● AIM OF THE TASK: Exactly retype the lines from the top of the data through the line containing "絶滅危惧種のウミガメが死ぬ 体内から大量の軽石が見つかる", leaving out every picture.

● EXERCISE DATA:
######

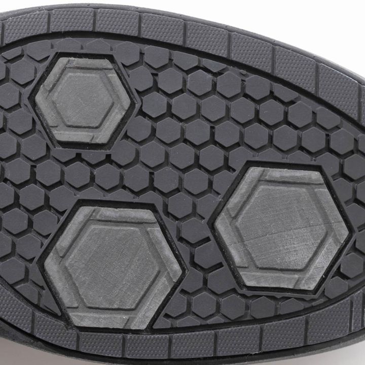 大小の六角形のラバーが靴底に配置され、凍結路面でも高いグリップ力を発揮。
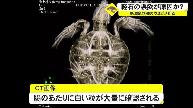 絶滅危惧種のウミガメが死ぬ 体内から大量の軽石が見つかる
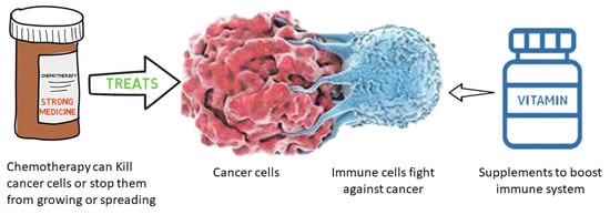 Numerous epidemiological studies have demonstrated the link between elevated cancer death rates and environmental changes in diet, pollution, lifestyle, and other variables. [15,16,17,18]. The relationship between a healthy diet, vitamin group, and the strengthening of the immune system has been under the microscope recently. It has been demonstrated that vitamins play an essential part in the regulation of the activity of the immune system, which is necessary for the protection of tissues from damage [17,19,20,21]. Ku-Carrillo developed an obesity–tumor model that has highlighted the role played by obesity in the tumor’s resistance to chemotherapy [22]. Rambely and his collaborator created a healthy immune system model that dynamically depicts how the immune system inhibits the progression of aberrant cells into tumors to contrast the analytical results of an unhealthy immune system model [23]. The numerical simulation of the model in [24] reveals that the immune system can be strengthened when an individual consistently consumes vitamins, at a daily rate of 16%, as a result of their effect on the body’s response to the formation of aberrant cells in the tissue.

######

● FINAL ANSWER:
 大小の六角形のラバーが靴底に配置され、凍結路面でも高いグリップ力を発揮。
 絶滅危惧種のウミガメが死ぬ 体内から大量の軽石が見つかる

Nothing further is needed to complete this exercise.